La MAPA n'indique pas avoir fait une offre à Mme E. avant ses conclusions du 18 janvier 2011, le fait qu'elle ait toujours exécuté les décisions judiciaires étant sans pertinence au regard de l'application des articles L.211-9 et L. 211-13 du code des assurances. L'offre complète et non manifestement insuffisante formulée par ces écritures est donc tardive, de sorte que la sanction de l'article L. 221-13 est encourue du 11 juillet 2010 au 18 janvier 2011, sur la somme offerte dans les conclusions de la même date, soit 1 167 251,30 euros.
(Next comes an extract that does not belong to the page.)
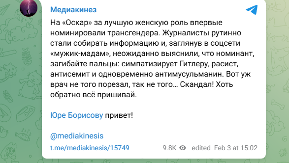 Вот так скандал в благородном семействе! Без шуток, в каждой первой публикации что прессы, что телеграм-каналов так и отмечают: "Скандал!" А речь о грядущей церемонии премии "Оскар", на которой такого ещё не было, - номинировали 52-летнего трансгендера*. В общем, компанию русскому номинанту Юре Борисову составил ну очень оригинальный актёр. Или актриса - тут уж не понять. Вот только оказалось, что заодно трансгендер* ещё и расист, антисемит и фанат Гитлера.

Sur les demandes annexes :

M. M. et la MAPA succombant, ils seront condamnés, in solidum, aux dépens d'appel, qui comprennent les frais des expertises judiciaires ordonnées par la cour d'appel et les frais de location d'une salle destinée aux opérations d'expertise du sapiteur, et à verser, in solidum, à Mme E. la somme de 5 000 euros sur le fondement de l'article 700 du code de procédure civile.

PAR CES MOTIFS :

La cour,

Vu les arrêts du 4 janvier 2005 et du 5 février 2012,

- Fixe le préjudice corporel de Mme E. à la somme totale de 2 486 224,63 euros,

- Condamne M. M. et la Mutuelle d'assurance des professions alimentaires, in solidum, à verser à Mme E., provisions non déduites,

* la somme de 1 709 254,20 euros en capital avec intérêts au taux légal à compter de ce jour,

* une rente trimestrielle de 9 432 euros à compter du 20 juin 2014 au titre de l'indemnité de tierce personne indexée conformément aux dispositions de l'article L. 434-17 du code de la sécurité sociale, dont le versement sera suspendu en cas d'hospitalisation d'une durée supérieure à 45 jours prise en charge par un organisme de sécurité sociale,

- Dit que les intérêts de ces sommes porteront intérêts dans les conditions de l'article 1154 du code de procédure civile, avec comme point de départ le 19 juin 2014,

- Dit que les intérêts au double du taux légal sont dus par la Mutuelle d'assurance des professions alimentaires à compter du 11 juillet 2010 jusqu'au 18 janvier 2011 sur la somme de 1 167 251,30 euros,

- Condamne M. M. et la Mutuelle d'assurance des professions alimentaires, in solidum, à verser à Mme E. la somme de 5 000 euros sur le fondement de l'article 700 du code de procédure civile,

-Rejette la demande de M. M. et la Mutuelle d'assurance des professions alimentaires formée sur le même fondement.

- Condamne M. M. et la Mutuelle d'assurance des professions alimentaires, in solidum, aux dépens d'appel et dit qu'ils pourront être recouvrés conformément à l'article 699 du code de procédure civile.